The corpora that you will be working with are lists of tweets in 8 different languages that use the Latin script. The data is provided either formatted as CSV or as JSON, for your convenience. The end goal is to write a set of tools that can detect the language of a given tweet.


In [None]:
import pandas as pd
import numpy as np
import glob
import re, string, collections
from collections import Counter, defaultdict
from sklearn import preprocessing
from sklearn.metrics import f1_score
from sklearn.model_selection import train_test_split
from sklearn.linear_model import LogisticRegression
from sklearn.ensemble import RandomForestClassifier

*As a preparation for this task, download the data files from the course git repository.
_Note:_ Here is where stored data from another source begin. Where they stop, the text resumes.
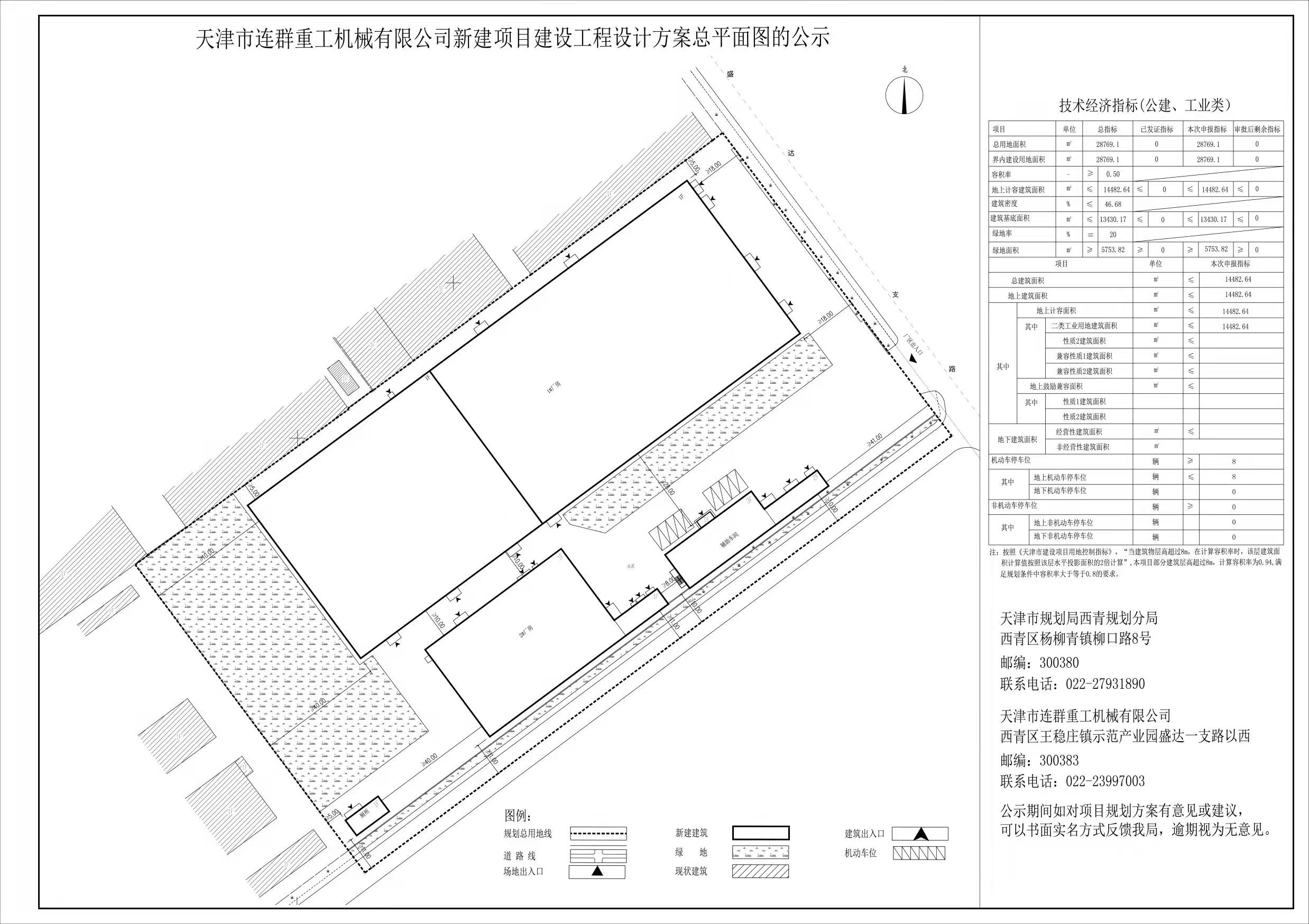 为进一步提高规划设计和管理水平,增加规划审批的科学性、民主性、公开性及透明度,争取社会各界对规划管理工作的理解、支持、监督和指导,加强全社会的城市规划意识,更好地为城市建设、经济发展和社会进步服务,根据有关规定,现将天津市连群重工机械有限公司新建项目规划草案进行公示,公示时间为7个工作日(2021年12月3日至2021年12月13日)。公示期间,如对项目规划方案有意见或建议,可以书面实名方式反馈我局,逾期视为无意见。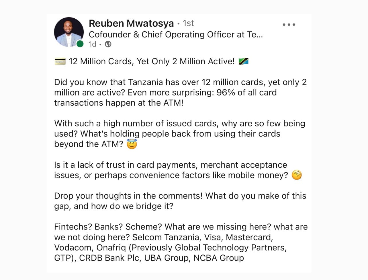 • In Tanzania, a country of 60 million people, there are 12 million cards, but only 2 million are active.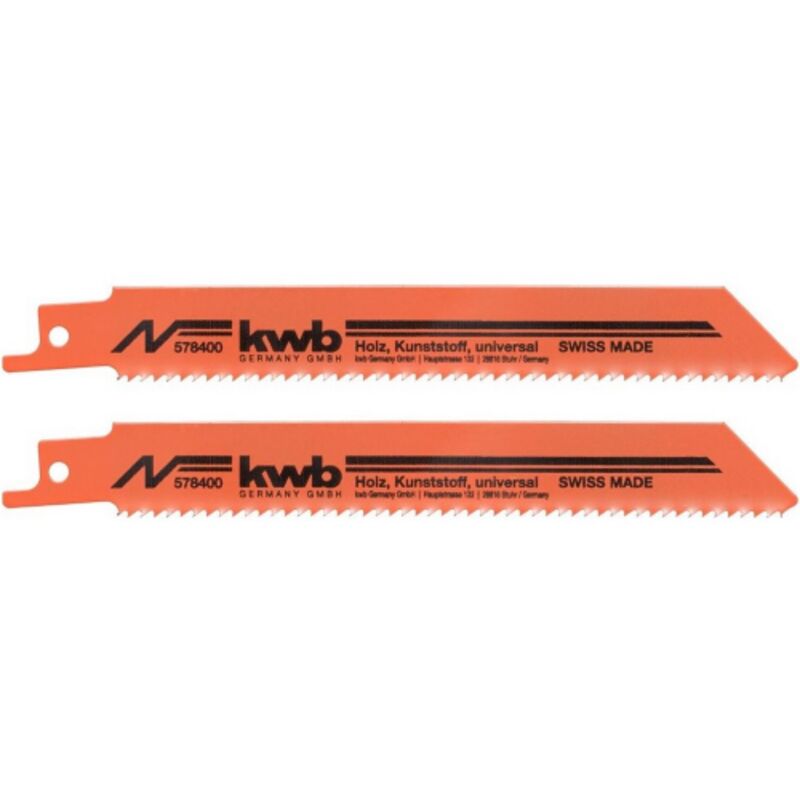 Kwb 578400. Tipo di prodotto: Lama per sega universale, Adatto per materiali: Metallo, Cartongesso, Acciaio inossidabile, Legno, Materiale lama: Acciaio al carbonio (HCS). Lunghezza di lavoro: 13 cm, Spaziatura dei denti della lama: 2,5 mm. Lunghezza totale: 15,3 cm. Quantità per pacco: 2 pz
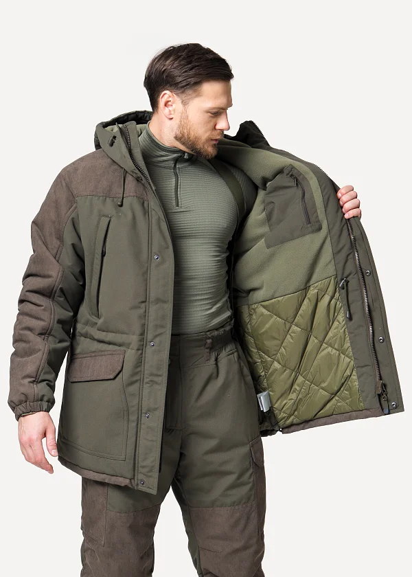 - Два внешних теплых нагрудных кармана на молнии с планкой.

The relevant files are under **lm-languages-data-new**:


*   en.csv (or the equivalent JSON file)
*   es.csv (or the equivalent JSON file)
*   fr.csv (or the equivalent JSON file)
*   in.csv (or the equivalent JSON file)
*   it.csv (or the equivalent JSON file)
*   nl.csv (or the equivalent JSON file)
*   pt.csv (or the equivalent JSON file)
*   tl.csv (or the equivalent JSON file)
*   test.csv (or the equivalent JSON file)





In [None]:
!git clone https://github.com/kfirbar/nlp-course.git

Cloning into 'nlp-course'...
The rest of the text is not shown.